◆ The problem: Among the entries below, find the line with "This paper confirms" and the line with "- 【Dual Filtration". Return exactly those lines and every line between them, but no pictures.

◆ Records shown:
+ + + +

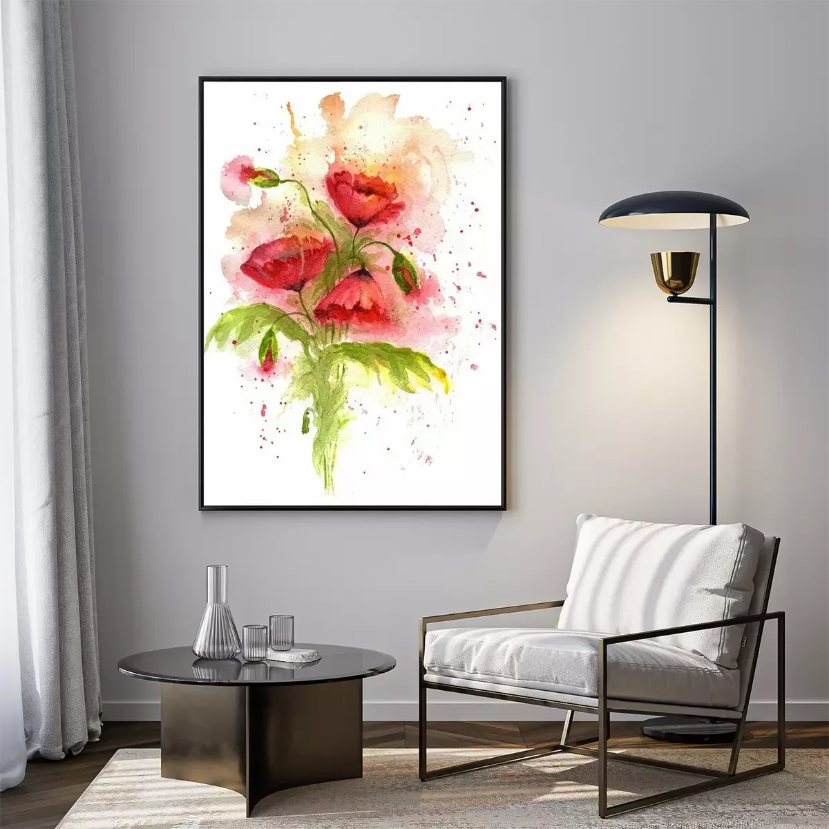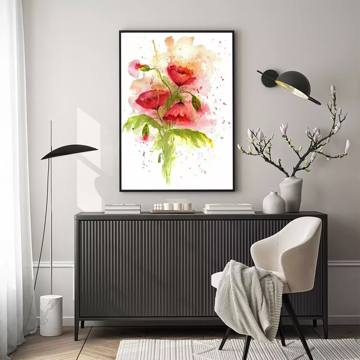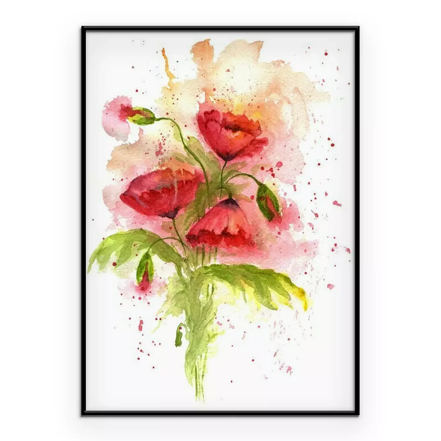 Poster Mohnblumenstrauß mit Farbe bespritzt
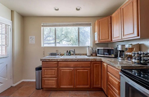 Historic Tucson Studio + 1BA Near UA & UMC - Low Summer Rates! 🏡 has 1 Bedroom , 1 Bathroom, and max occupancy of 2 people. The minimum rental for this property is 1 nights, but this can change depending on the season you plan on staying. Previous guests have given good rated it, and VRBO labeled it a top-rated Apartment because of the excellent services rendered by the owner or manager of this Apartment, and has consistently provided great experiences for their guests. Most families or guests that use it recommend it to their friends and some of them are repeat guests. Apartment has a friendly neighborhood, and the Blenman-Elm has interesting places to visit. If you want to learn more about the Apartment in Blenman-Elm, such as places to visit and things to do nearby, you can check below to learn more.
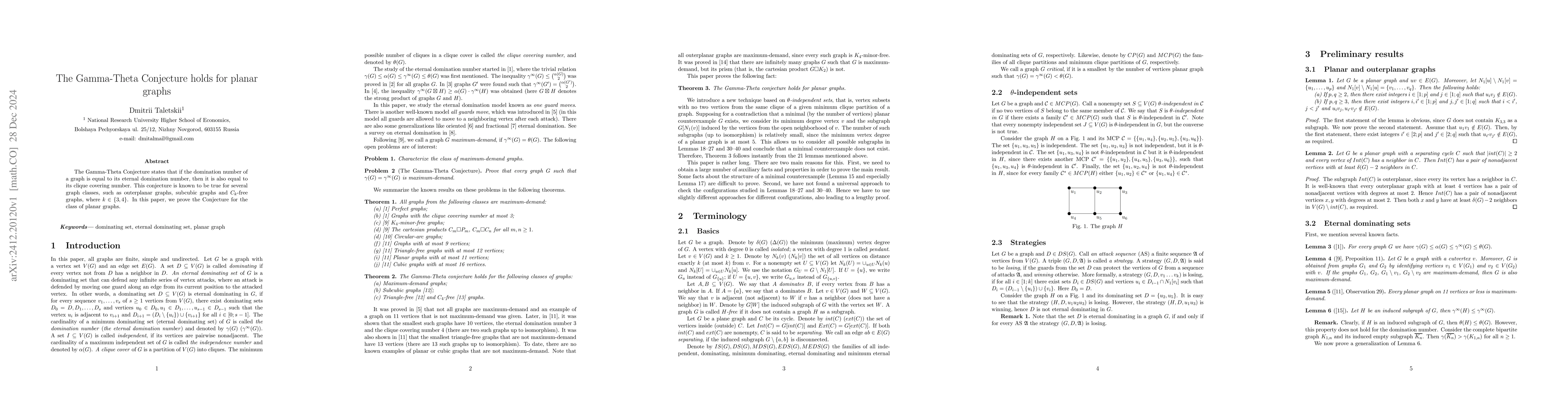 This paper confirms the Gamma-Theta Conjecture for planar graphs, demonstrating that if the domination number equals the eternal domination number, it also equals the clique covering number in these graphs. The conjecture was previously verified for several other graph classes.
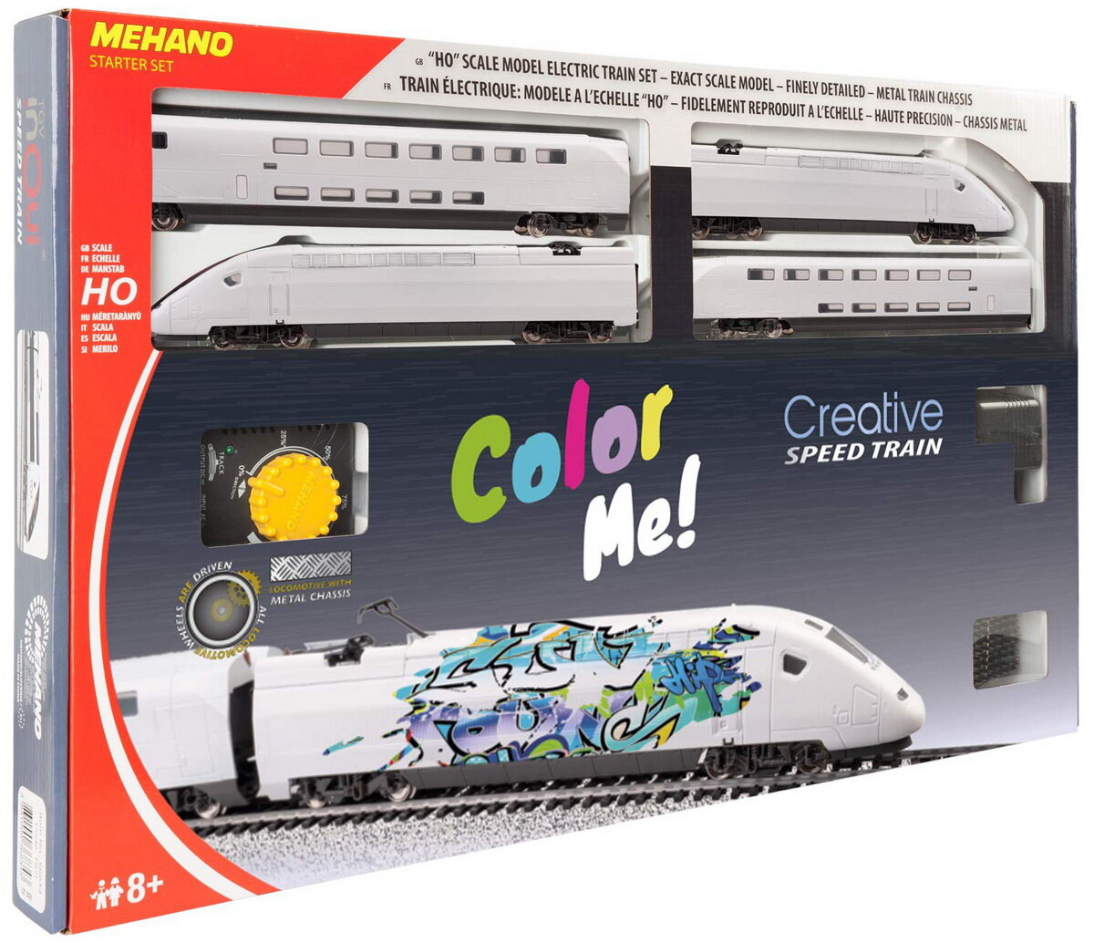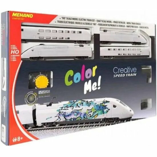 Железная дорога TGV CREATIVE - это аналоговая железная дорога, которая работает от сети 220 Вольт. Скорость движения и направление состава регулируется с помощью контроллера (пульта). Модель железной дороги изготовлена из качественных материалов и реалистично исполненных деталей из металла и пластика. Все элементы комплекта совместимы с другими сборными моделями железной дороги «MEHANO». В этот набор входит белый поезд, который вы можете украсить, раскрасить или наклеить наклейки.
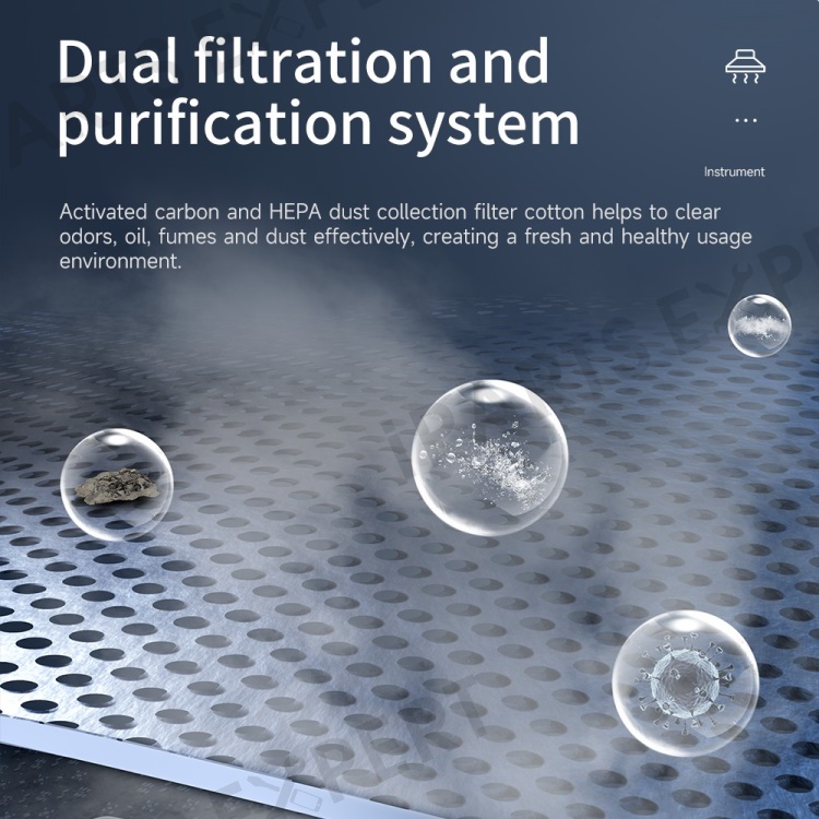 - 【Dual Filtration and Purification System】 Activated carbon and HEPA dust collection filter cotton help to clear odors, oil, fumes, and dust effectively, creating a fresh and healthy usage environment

+ + + +

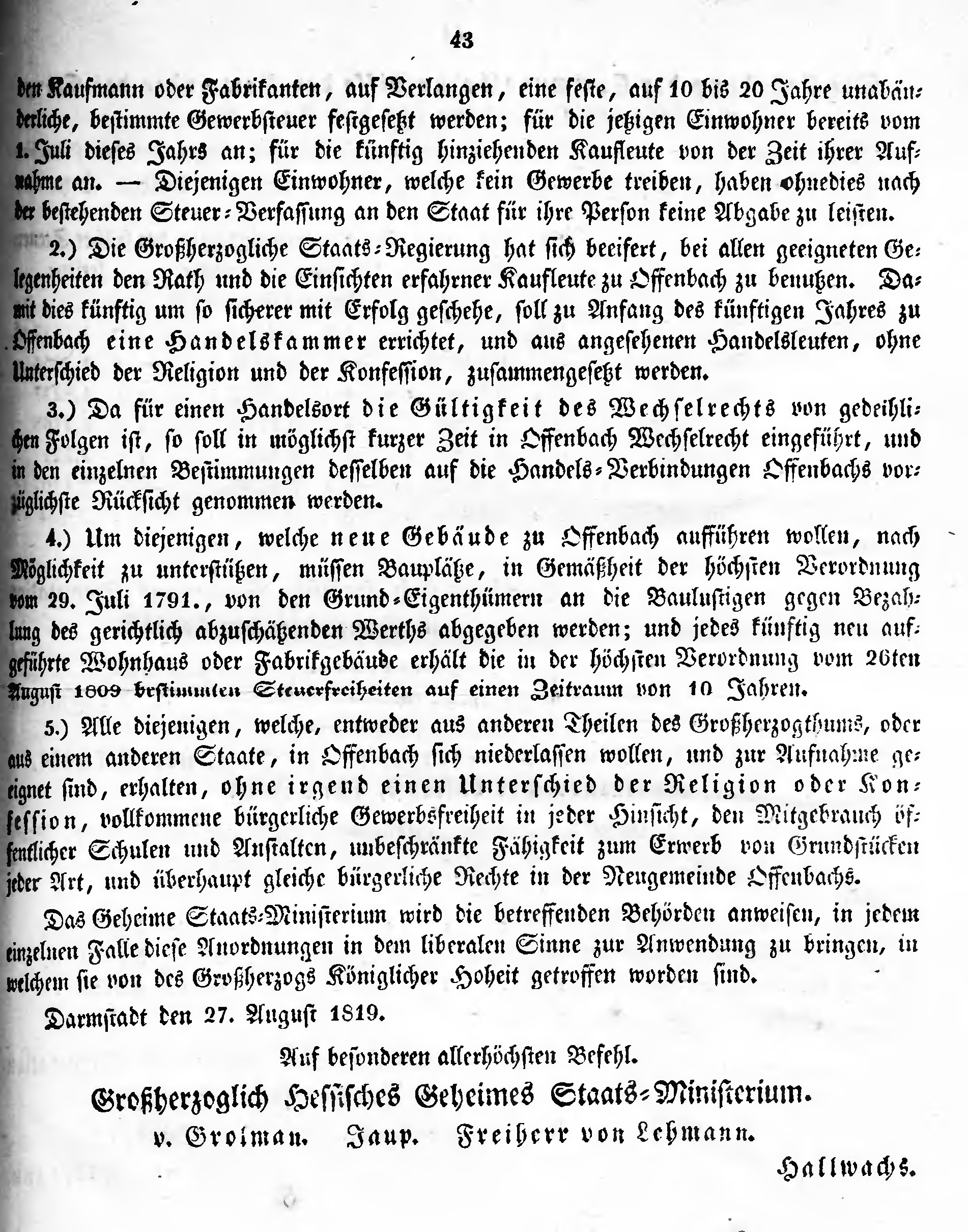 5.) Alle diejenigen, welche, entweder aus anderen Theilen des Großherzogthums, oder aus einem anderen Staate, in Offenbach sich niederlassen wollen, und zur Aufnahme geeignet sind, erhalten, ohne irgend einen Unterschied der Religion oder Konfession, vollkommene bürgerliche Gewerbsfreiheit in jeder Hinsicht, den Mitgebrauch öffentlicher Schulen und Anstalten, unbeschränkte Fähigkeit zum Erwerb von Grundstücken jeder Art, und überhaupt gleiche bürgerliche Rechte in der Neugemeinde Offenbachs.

+ + + +

◆ Finished task:
 This paper confirms the Gamma-Theta Conjecture for planar graphs, demonstrating that if the domination number equals the eternal domination number, it also equals the clique covering number in these graphs. The conjecture was previously verified for several other graph classes.
 Железная дорога TGV CREATIVE - это аналоговая железная дорога, которая работает от сети 220 Вольт. Скорость движения и направление состава регулируется с помощью контроллера (пульта). Модель железной дороги изготовлена из качественных материалов и реалистично исполненных деталей из металла и пластика. Все элементы комплекта совместимы с другими сборными моделями железной дороги «MEHANO». В этот набор входит белый поезд, который вы можете украсить, раскрасить или наклеить наклейки.
 - 【Dual Filtration and Purification System】 Activated carbon and HEPA dust collection filter cotton help to clear odors, oil, fumes, and dust effectively, creating a fresh and healthy usage environment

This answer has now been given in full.